Before Emma could speak, Lucy started to cry. She shook silently, then let out a soft wail, her mouth opening to a raw, shocking size, her fingers pulling away from Emma’s. The cap dropped to the floor as she hid her face in her hands. Emma leaned forward, taking the girl into her arms. “It’s all right,” she said. “Shhh. You don’t have to explain.”

This was true, she realized — she didn’t need to know, if it meant having Lucy back, the way she’d been. But Lucy was already explaining, through her tears: “I wanted the money… I thought the pears… but then I… This year… I just wanted…”

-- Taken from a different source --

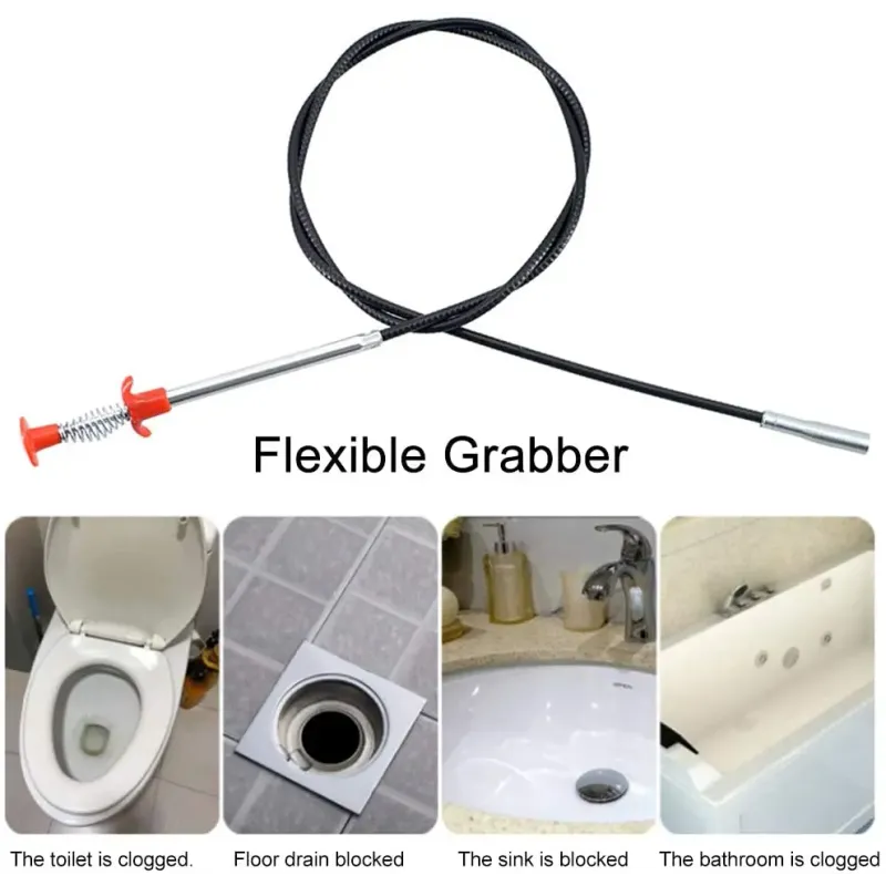 60/90cm Flexible Grabber Claw Pick Up Reacher Bendable Hose Hair Drain Clog Remover Tool for Litter Sink Drain Toilet

Emma put the snotty, broken parts together. The pears. Lucy was falling apart over the pears, the change of plans since the Mendosa, the neglected Schedule of Ripeness pinned to the shack wall. The children played jacks in the perry shack now, or marbles — they passed time here to avoid Roland. The fruit they had harvested was nearly pressed and there would be no more — despite Roland’s urging, they had been too rattled by the Feds to go out again. But not Lucy, Lucy was saying. Lucy was not afraid of those men! Lucy wanted to finish what they had started. They had made a plan and they should stick to it!

Her vehemence startled Emma. How had she come to care so much about the pears? She took Lucy gently by the shoulders and began, “Sweet girl, we’re going to be fine, it’ll all be fine, you don’t have to go dressing…” She wanted to tell her the money from Sven’s was enough, tell her part of growing up was accepting what you couldn’t change, but Lucy pushed her hands away. “It is not fine!” she shouted, and started to sob.

Emma waited then, until Lucy began to tell her, between choking gulps of air, not about the pears or the quarry but about a trip she had taken a few weeks ago, late at night, while the rest of the family slept. She described a ride in a truck full of whiskey, her near capture, a man’s foot on her back, heavier than her carry bag at the quarry, his foot bruising her ribs. There was some kind of search, lights beaming through the coat that covered her, the man’s foot pressing harder, a deal struck, her nose smashed against the truck floor. Emma hardly breathed as Lucy spoke. Apparently it wasn’t just the job: Lucy had a whole life, a species of courage, Emma knew nothing about. You found a newborn and she seemed blanker, somehow, than the newborns you had birthed, free of any history, exempted from her own ties, more yours . But of course she wasn’t any more yours than they were, which was to say less and less all the time.

Still, Emma did not understand where the story was heading, not until Lucy described climbing out of the truck at the Eastern Point Yacht Club. Even then, Emma could not believe it. How could she? She was late, as usual, with laundry. She had not yet found the torn newsprint with Beatrice Cohn’s likeness in the pocket of Liam’s pants. But then Lucy told her about slipping through the gap in the honeysuckle, walking up through the pear trees, swinging a leg onto the terrace of the house where she had been born.

She looked at Emma and said, with sudden coherence: “I saw my mother.”

“Lucy…” Emma started to say, but Lucy went on, not noticing or caring about Emma’s astonished tears.

“She looks just like me! Anyone could see it! Why didn’t you tell me?”

“I—”

“What were you doing working for her?”

“I—”

“How could you not have told me she was right there all this time?”

“Lucy—”

“You take me from her, then you go back and don’t even tell me?”

“I didn’t take you.”

“You did!”

“She left you.”

Lucy glared at Emma. Her breath was ragged from crying, her hair wild, poor Lucy with her wild hair Emma had no idea how to care for.